§ **Try it**:
Exact reproduction of the listing is required. Pictures are not reproduced.

§ **Information shown**:
=== Begin Enclosure ===
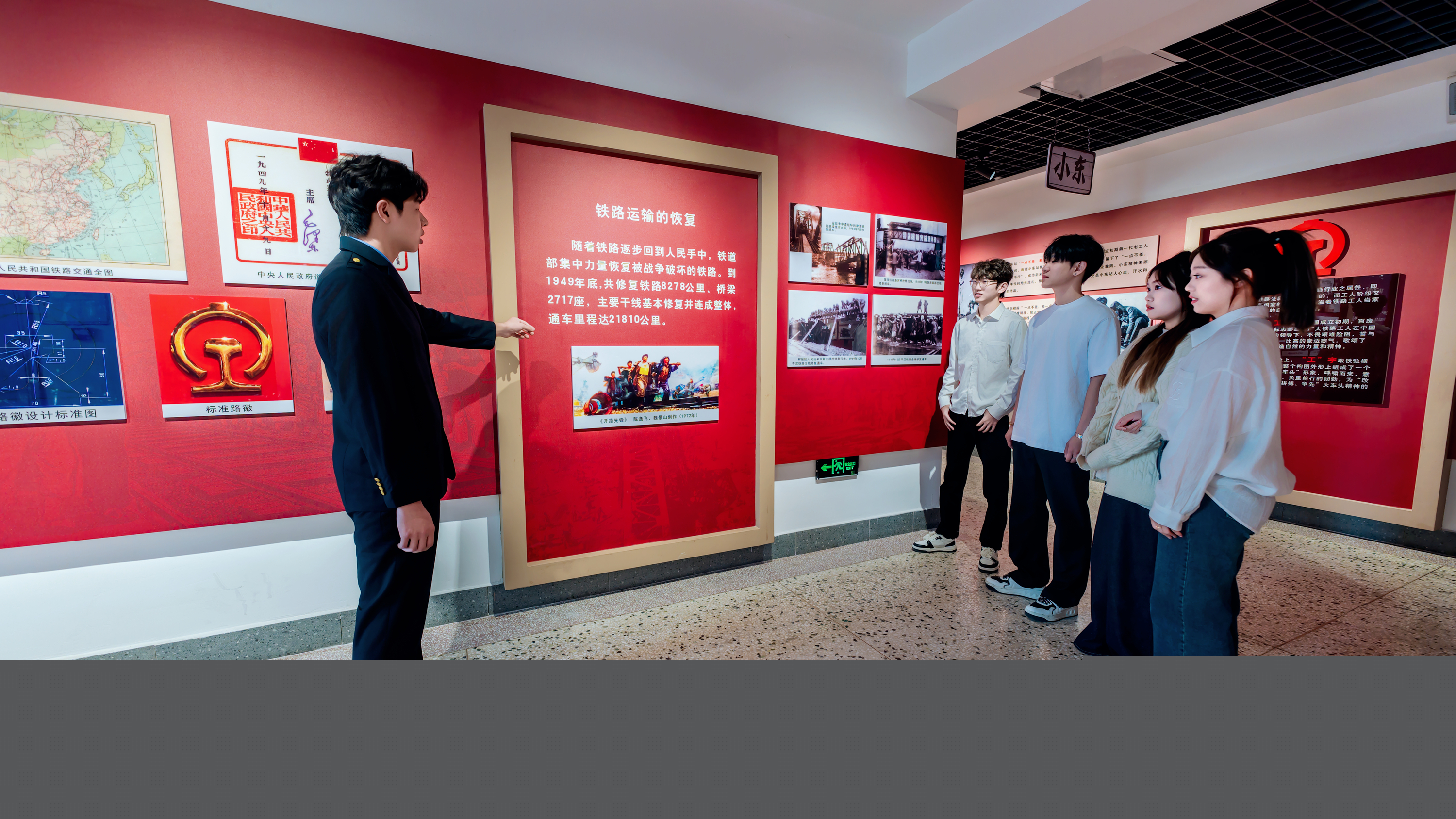 铁道文史研学社今年3月成立,前身是铁道文化馆学生志愿服务队,依托于坐落在校园内的国家AAA级旅游景区——黑龙江铁道文化馆,致力于搭建一个集学习、研究、交流、实践于一体的平台。遵循“文化‘两创’、项目引领、专业支撑、资源共享、协同育人”的原则,铁道学院聚力应用型高素质专业人才培养,探索构建“一心、两翼、三维、五学”专业社团实践育人模式,将“大思政课”、专业实践课、就业创业课嵌入到专业社团,培养跨学科研究能力,促进铁路文化的传承与创新。
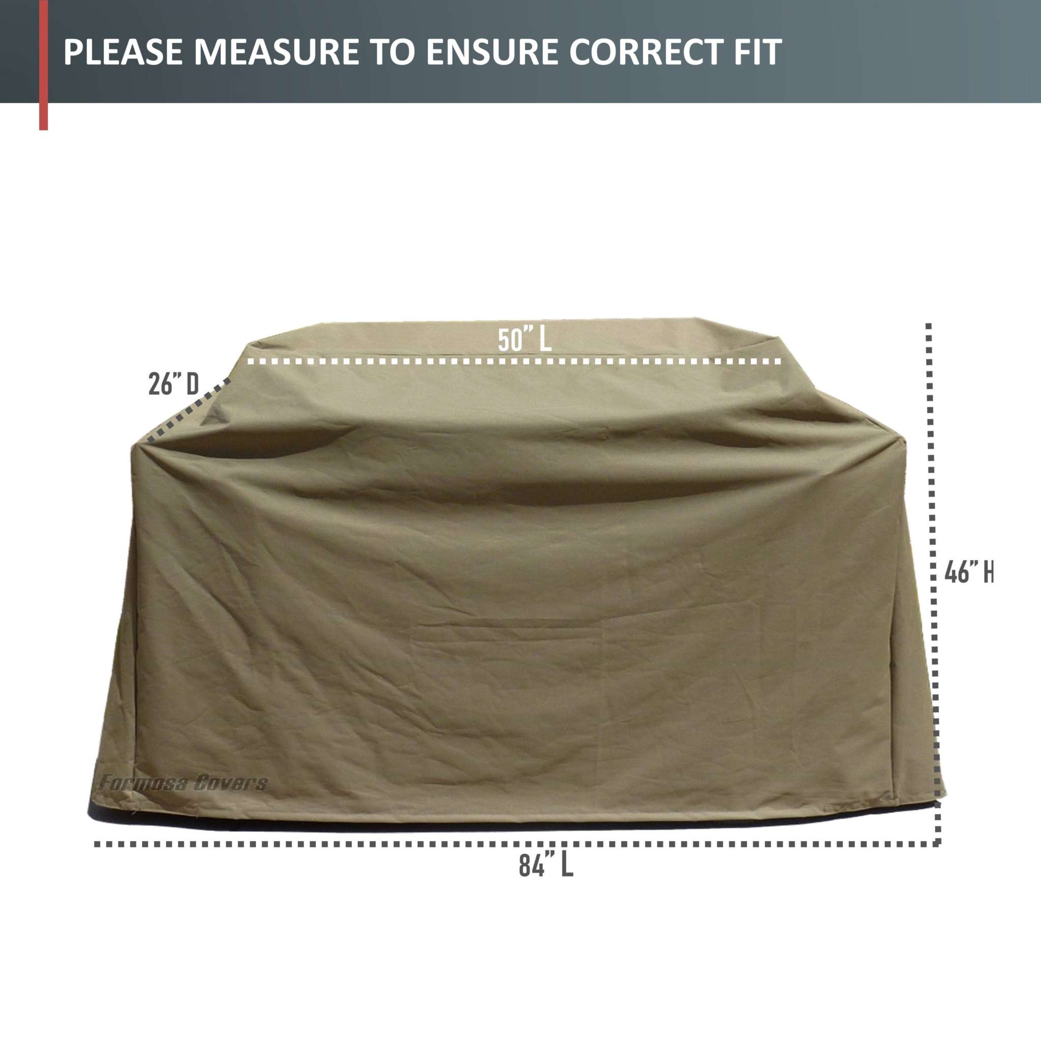 A taupe BBQ cover from Formosa Covers with dimensions: 84 inches in length (L), 26 inches in depth (D), and 48 inches in height (H). It features high heat resistance and all-weather protection. The product description advises,
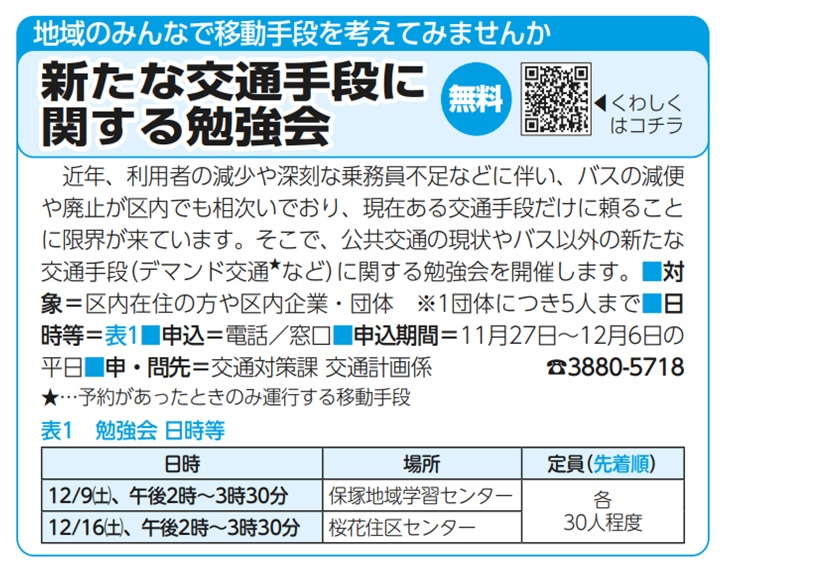 12/9、12/16に開催予定の「新たな交通手段に関する勉強会」の参加申込受付中です。両日とも定員までまだ若干の余裕があります!
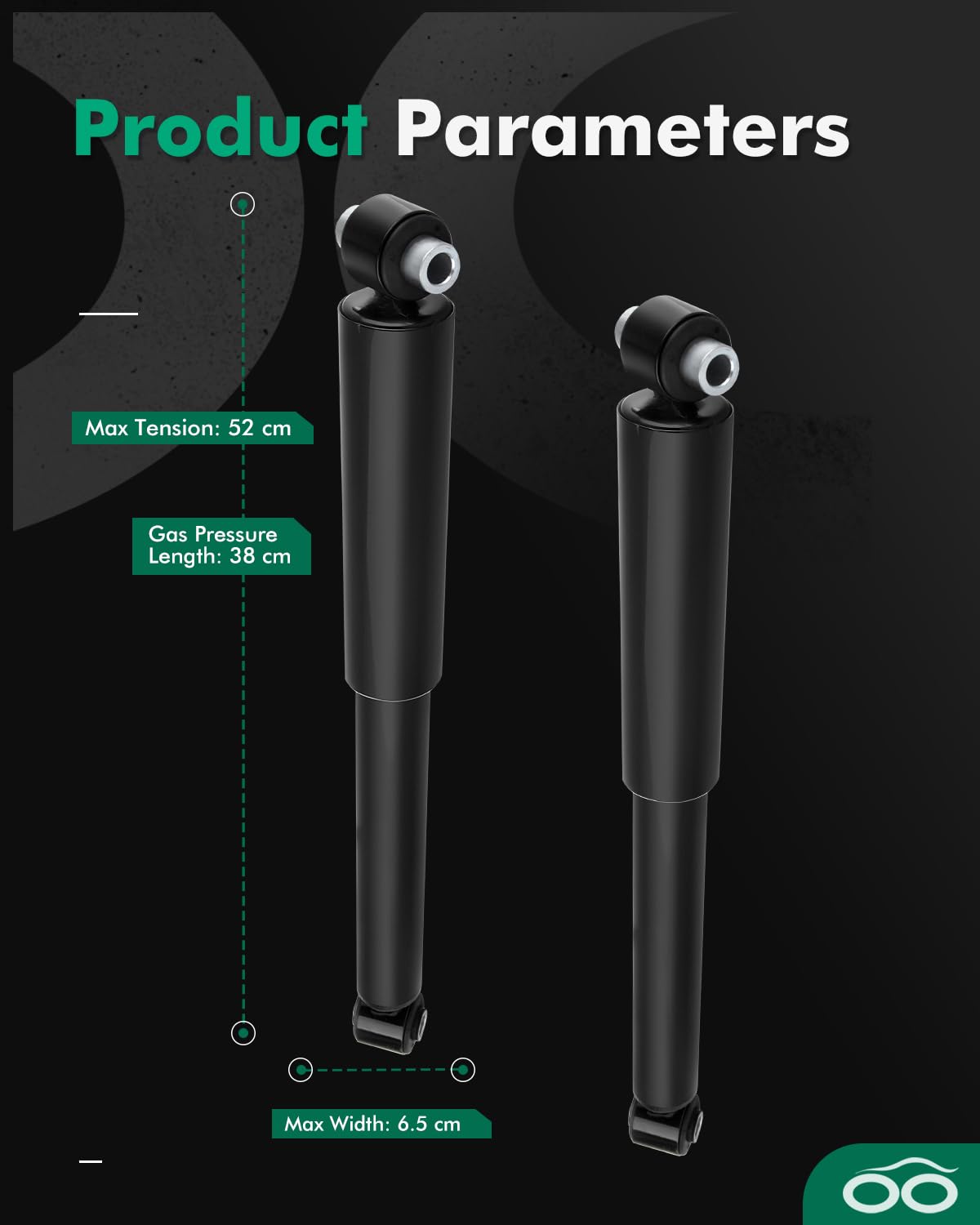 Features1.Easy to Install2.Exact Fit3.Application Specific Valving4.Improved ing of Road Noise, Vibration, and Harshness6.Upgraded Sealing for Longer LifeCompatibility Information:2001-2010 for Chrysler PT Cruiser (Rear)Specifications:Placement on Vehicle: Rear,Left, RightReplacement NO:343385 5989Package Includes:2pcs Shocks Absorbers Tips:1.Due to different production batches, you may receive shock absorbers of different packaging, but the performance and usage of the products are exactly the same 2.To ensure that the shock absorber is not damaged, the shock absorber will be packaged and transported as TWO packages sometimes 3.Shock Absorbers only,not including springs or mounts
=== End Enclosure ===
§ **Task result**:
 铁道文史研学社今年3月成立,前身是铁道文化馆学生志愿服务队,依托于坐落在校园内的国家AAA级旅游景区——黑龙江铁道文化馆,致力于搭建一个集学习、研究、交流、实践于一体的平台。遵循“文化‘两创’、项目引领、专业支撑、资源共享、协同育人”的原则,铁道学院聚力应用型高素质专业人才培养,探索构建“一心、两翼、三维、五学”专业社团实践育人模式,将“大思政课”、专业实践课、就业创业课嵌入到专业社团,培养跨学科研究能力,促进铁路文化的传承与创新。
 A taupe BBQ cover from Formosa Covers with dimensions: 84 inches in length (L), 26 inches in depth (D), and 48 inches in height (H). It features high heat resistance and all-weather protection. The product description advises,
 12/9、12/16に開催予定の「新たな交通手段に関する勉強会」の参加申込受付中です。両日とも定員までまだ若干の余裕があります!
 Features1.Easy to Install2.Exact Fit3.Application Specific Valving4.Improved ing of Road Noise, Vibration, and Harshness6.Upgraded Sealing for Longer LifeCompatibility Information:2001-2010 for Chrysler PT Cruiser (Rear)Specifications:Placement on Vehicle: Rear,Left, RightReplacement NO:343385 5989Package Includes:2pcs Shocks Absorbers Tips:1.Due to different production batches, you may receive shock absorbers of different packaging, but the performance and usage of the products are exactly the same 2.To ensure that the shock absorber is not damaged, the shock absorber will be packaged and transported as TWO packages sometimes 3.Shock Absorbers only,not including springs or mounts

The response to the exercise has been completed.